MBIA will pay $75 million for trying to cover up close to $170 million in losses through a fraudulent reinsurance scheme.

Under an agreement announced today, the Armonk, N.Y.-based bond insurer will pay a $50 million penalty to the Securities and Exchange Commission, $10 million to investors and $15 million in penalties to the state of New York. The case also involves the New York Attorney General's office and the New York State Insurance Department.

The $50 million to the SEC will be placed in a Fair Fund to be paid to investors.

Under the agreement, MBIA will hire an independent consultant to examine other specialized bond transactions in which MBIA was engaged. The company also restated earnings from 1998 in its third quarter report for 2006.

While admitting no guilt or denying the charges, the company did enter into a cease and desist order.

The case stems from the bankruptcy of Allegheny Health, Education and Research Foundation (AHERF) in 1998, when the company defaulted on $256 million in bonds MBIA insured.

To allegedly cover up an anticipated $170 million in losses, MBIA engaged three companies for reinsurance contracts that were in fact loans to cover up losses and prop up the company's stock at that time.

According to an assurance agreement filed by New York Attorney General Eliot Spitzer in November 2005, MBIA Chief Financial Officer Juliette S. Tehrani engaged three insurers, Munich Re, Axa, and Zurich, to provide insurance policies retroactively to the AHERF default, totaling $170 million. In return, MBIA would pay premiums of $340 million to cover the insurance payments, according to an SEC filing.

An SEC spokesman said he could not comment, but a source said that the agreement, signed by the state in 2005, was awaiting SEC approval.

As side agreements fell apart in 2004, auditors and reporters began to question the transfer of risk, and several attempts to do so by MBIA failed. This eventually led to investigations by the attorney general's office, insurance department and SEC.

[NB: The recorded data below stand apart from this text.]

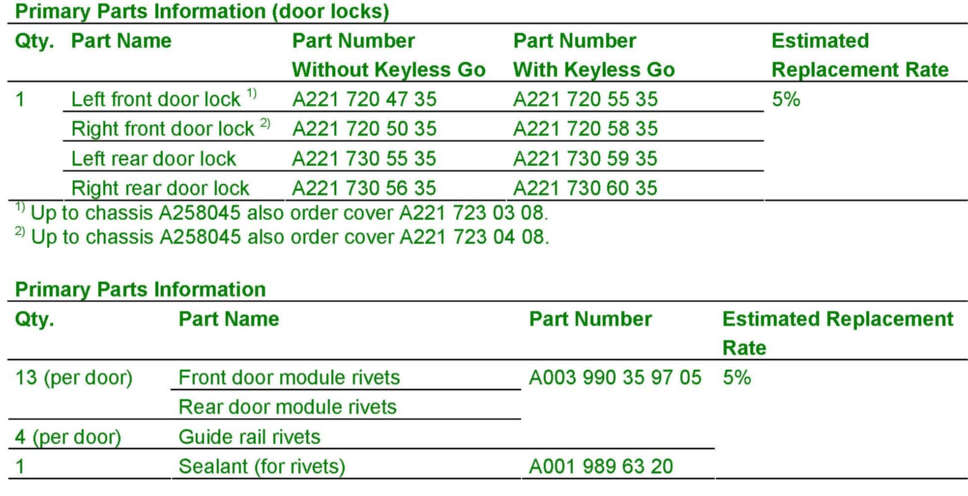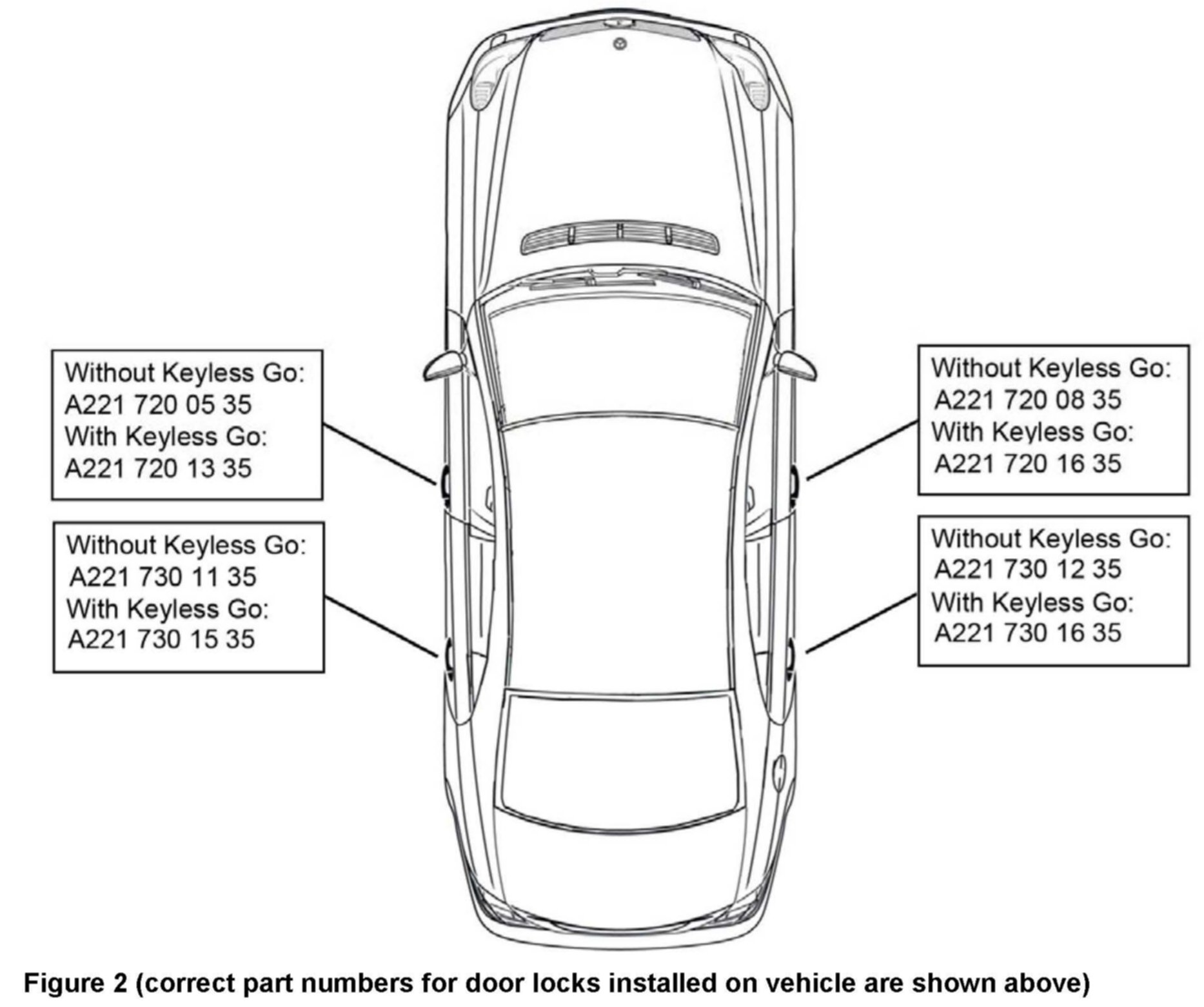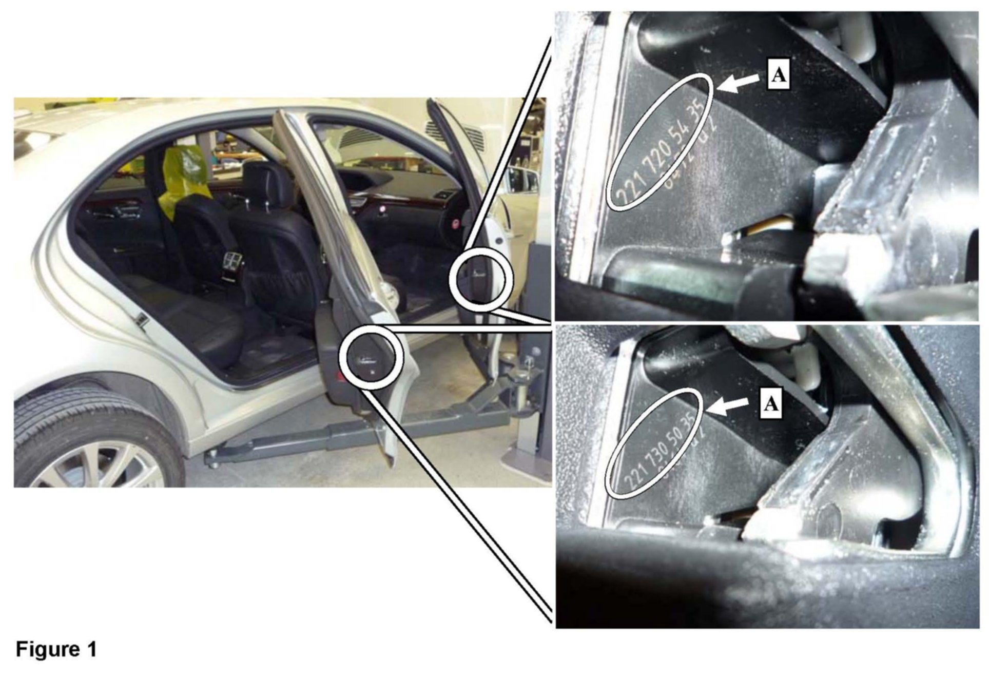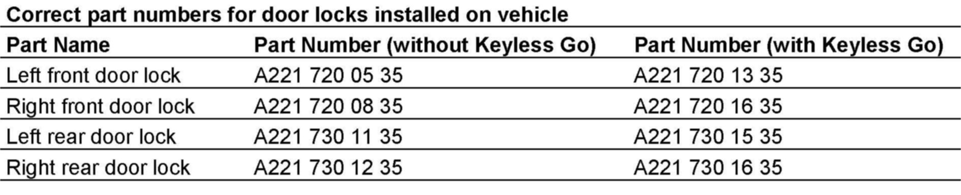 This Recall Campaign has been initiated because Daimler AG (DAG) has determined that a supplier may have incorrectly labeled the door locks used in certain S-Class vehicles. Due to this incorrect labeling on the door locks it is possible that the front and rear door locks in the vehicle were interchanged during production. The exchange of a front and a rear door lock would result in a front door lock that cannot be opened by merely pulling on the interior handle and a rear door lock that can be opened with a simple pull of the interior door handle even if locked. This situation could affect the safe exiting of a vehicle in the event of a crash or protection of children from inadvertent opening of the rear door.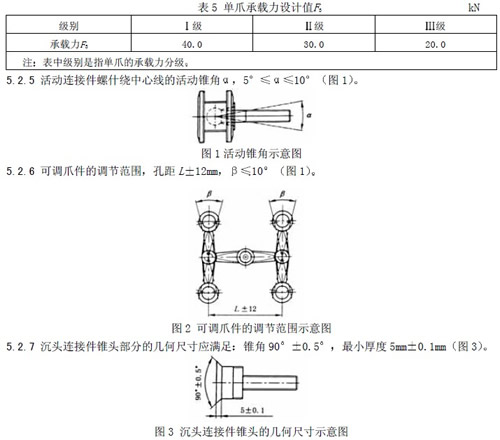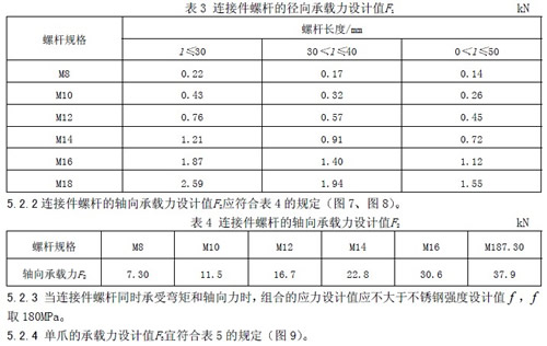 5 要求 5.1 材料 5.1.1 爪件可采用碳素钢不锈钢和铝合金等材料其性能必须符合相应的国家标准 5.1.2 连接件中球铰螺杆必须采用1Cr18Ni9Ti 0Cr18N9 或性能更优的不锈钢材料其他零件采的材料就符合表6 的要求 5.1.3 与玻璃面板接触的垫圈和垫片应采用如尼龙或纯铝等材料 5.2 支承装置的性能 5.2.1 连接件螺杆的径向承载力设计值F1应符合表3 的规定(图6)。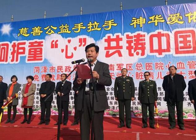 菏泽市政府副市长刘传谨在活动现场做了重要讲话,对此次大型公益活动给予了高度评价,并要求政府工作人员心系百姓,真心实意地同百姓交朋友,与百姓同呼吸、共命运、心连心,时刻把百姓的冷暖疾苦挂在心上。同时,加大对先天性心脏病儿童的救助工作,让更多的患儿脱离病痛,回归家庭,点燃对生活的希望,切切实实的为老百姓解疾苦,办实事。让困难群众得到更多实惠,共享改革发展成果。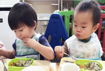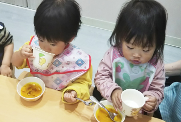 11:00になったらみんな大好きもぐもぐタイムです。園内の給食室で作ったおいしいご飯をみんなと一緒に「いただきます」。天王寺園ならてんしばで食べることも。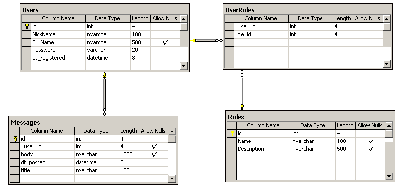 Начнем с проектирования структуры базы данных. В приложении будут участвовать объекты: пользователи, роли пользователей и сообщения. Связь между пользователями и ролями – «многие ко многим», а между сообщениями и пользователями – «многие к одному». К атрибутам пользователя относятся: имя, полное имя, дата регистрации и пароль. Имя пользователя и пароль должны быть уникальными. Кроме этого, ни пароль, ни имя не должны допускать пустых строк. К атрибутам сообщения относятся: дата создания сообщения, тело сообщения и заголовок сообщения. Диаграмма таблиц представлена на рисунке 4.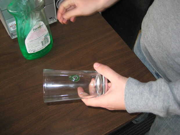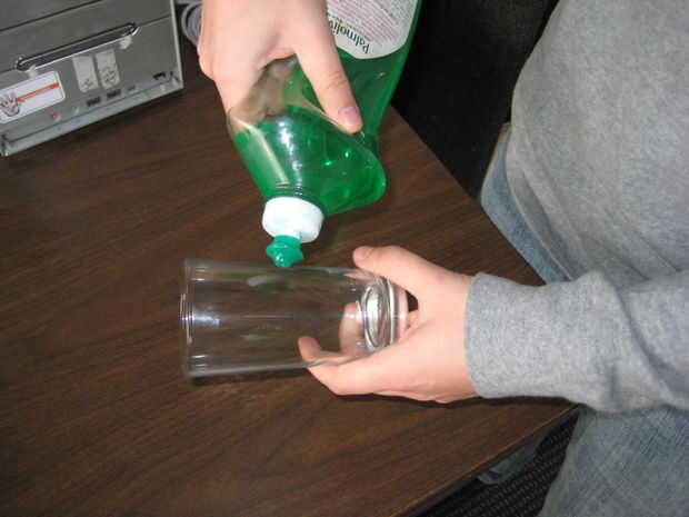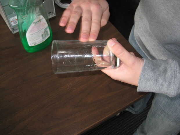 Aplique una pequeña cantidad de jabón a la superficie del vidrio, especialmente cuidado de no conseguir el jabón en cualquiera de los extremos de la Copa. Si consigues jabón en los extremos, no agarre las ruedas en el accesorio rotatorio y su cristal sólo girará en su lugar, haciendo que el aguafuerte no.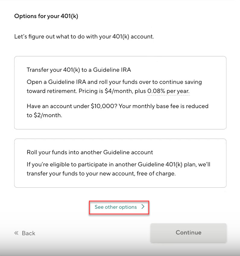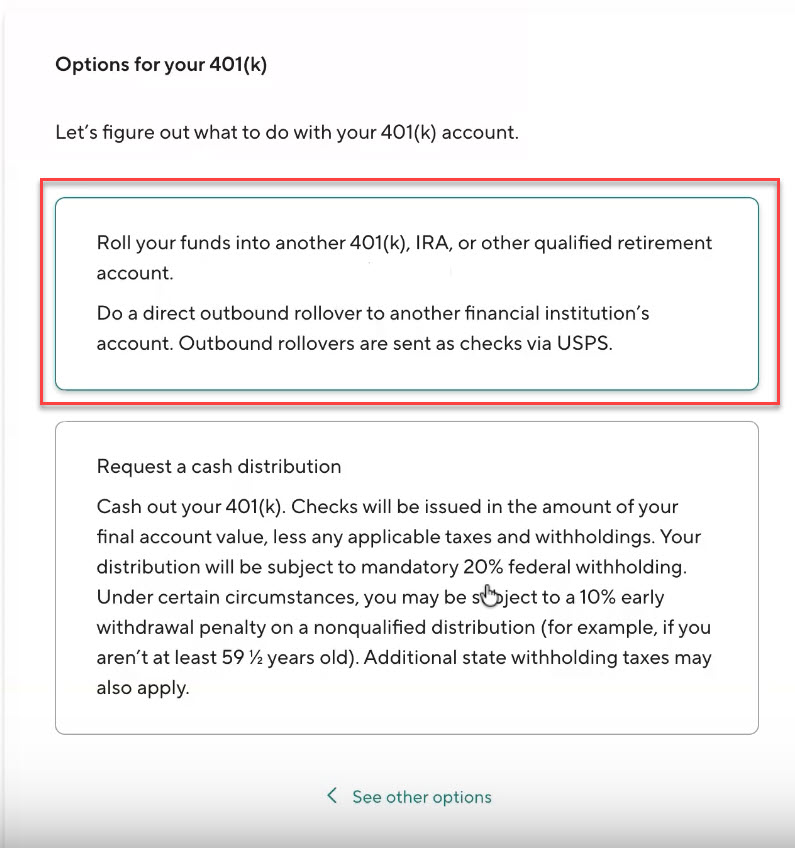 Step 4: Next, you will be prompted to choose how to use your 401(k) funds. Select ‘See other options.’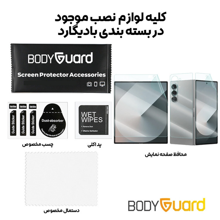 مشخصات دیگر: انعطاف پذیر - نصب بدون حباب - محافظ صفحه نمایش بزرگ - محافظ صفحه نمایش کوچک - محافظ بدنه پشت گوشی - تمام لوازم مورد نیاز نصب داخل بسته بندی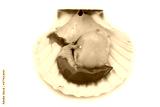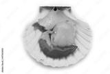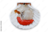 Fresh shell scallop isolated on white. Pecten jacobaeus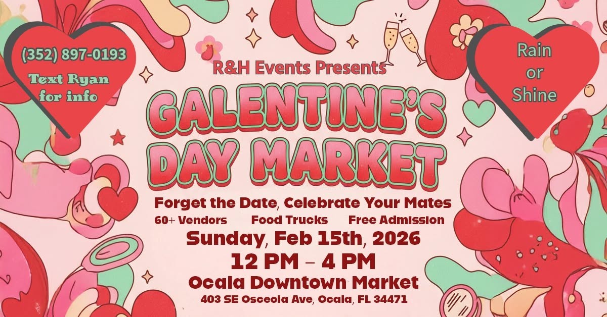 Whether you’re celebrating true love, friendship, or just treating yourself, join us for the grooviest Galentine's Day Craft Fair at the Ocala Downtown Market! This is the ultimate celebration of friendship, community, and finding the perfect gift.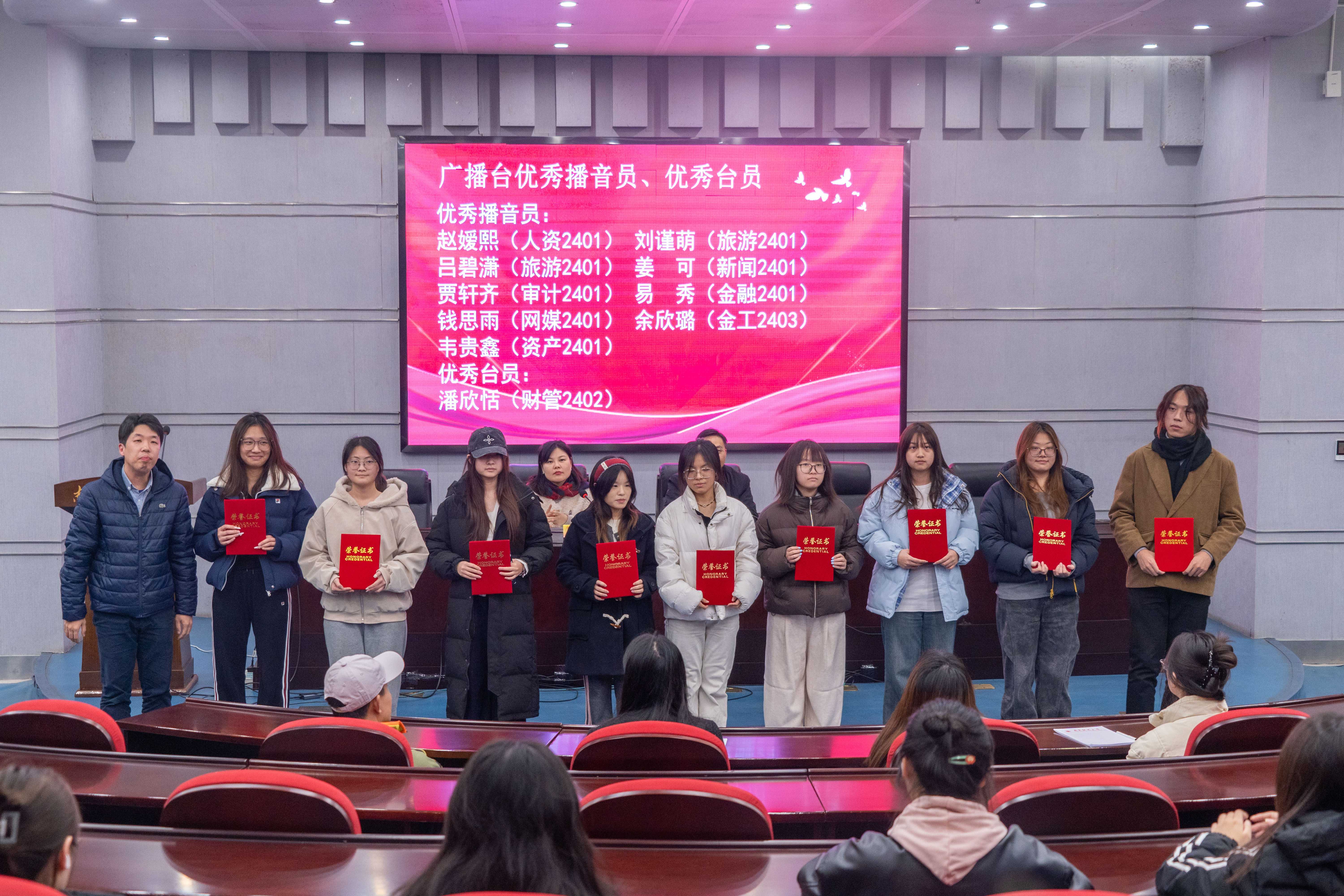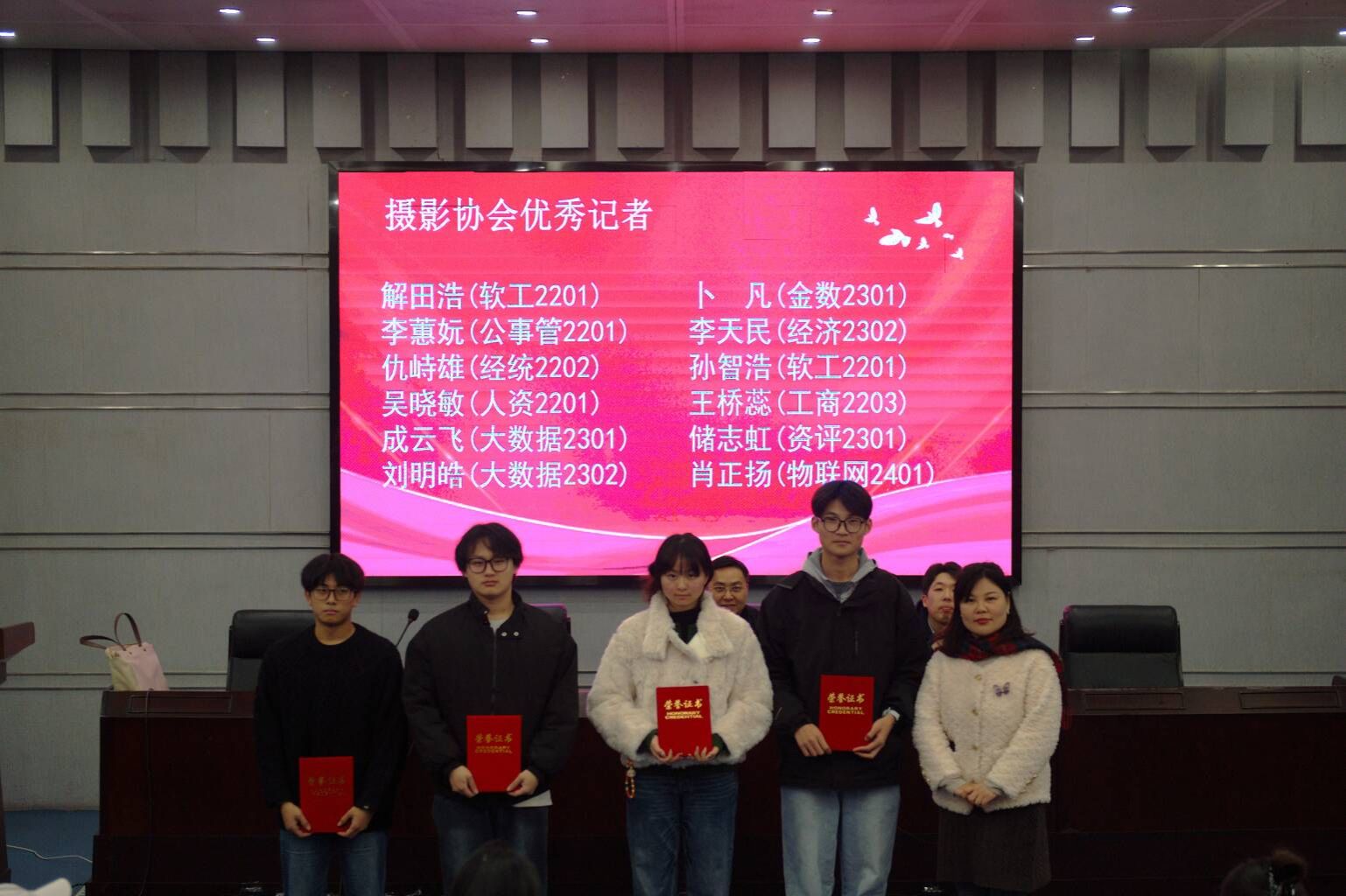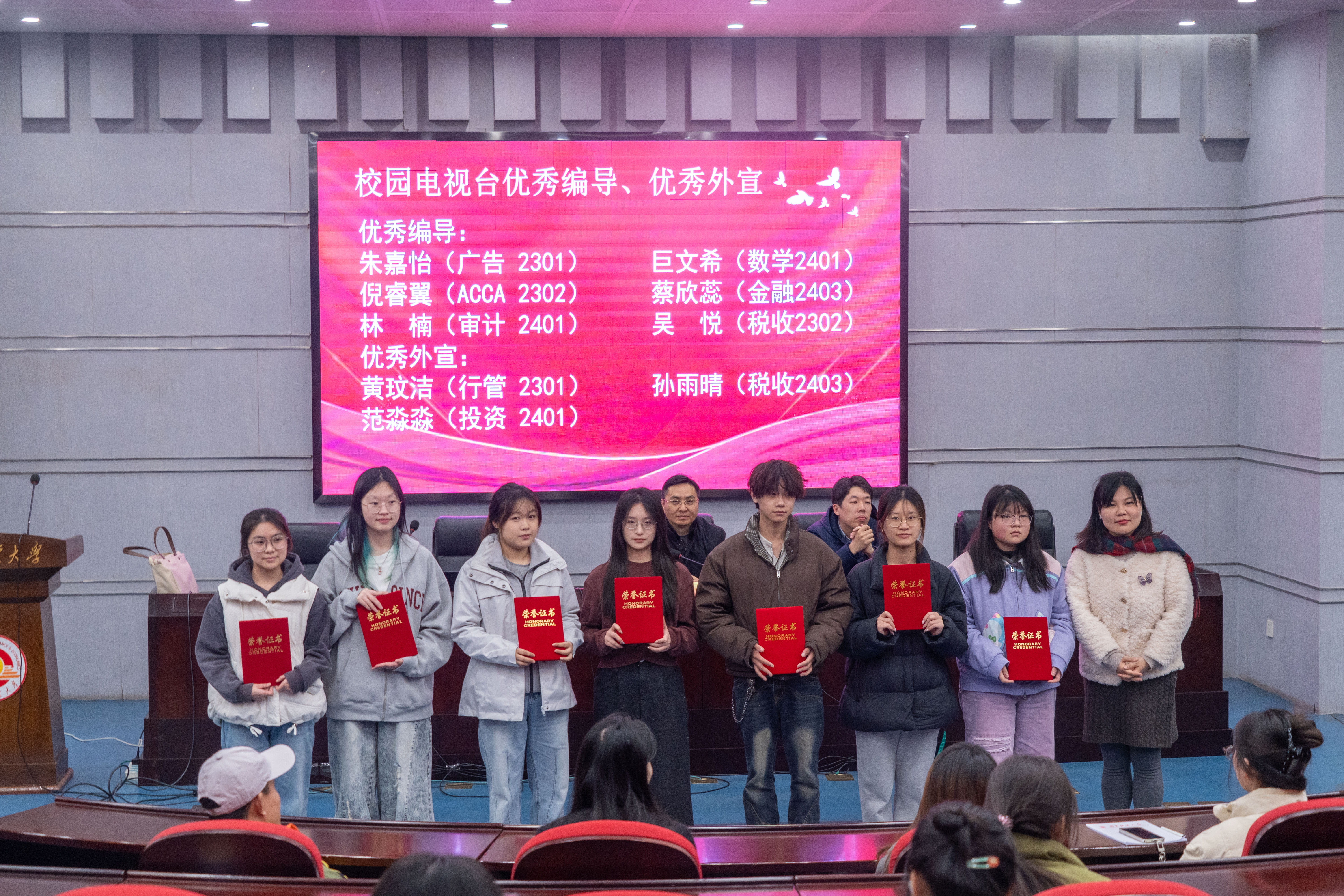 随后,朱军部长、席飞副部长为优秀学生代表颁发荣誉证书。本年度共有69名同学荣获“优秀记者”“优秀播音员”“优秀编导”等荣誉称号。

In the agreement, the attorney general alleges that both Ms. Tehrani and then Chief Executive Officer and Chairman David Elliott benefited from the fraud in bonus and stock options of more $2.5 million. Mr. Elliott retired in 1999. Ms. Tehrani left the company in 1999, according to a company spokesman.

In a statement, Gary C. Dunton, MBIA CEO said, "We are pleased that the AHERF-related investigations are fully behind us," adding that the company has cooperated fully.

The company said the independent consultant began work in 2006, and no additional enforcement actions are expected in the case.

An SEC spokesman said this ends its investigation of MBIA, except for the review of specific reinsurance transactions.

"This office will continue to focus on investor protection and on pursuing corporations that spread misleading information to dupe investors and regulators," said New York Attorney General Andrew M. Cuomo. "Corporations must not be allowed to engage in fictitious transactions to manipulate their financial reports."

"We are pleased they cooperated with this investigation and that those adversely affected by MBIA's conduct will be compensated," said Acting Insurance Superintendent Eric R. Dinallo. "The integrity and transparency of the bond insurance market is essential and must be maintained."

As far as ratings, Standard & Poor's said today that the settlement would have no effect on MBIA's "triple-A-rating." S&P said the money was reserved and that the company has sufficient capital to cover the payment.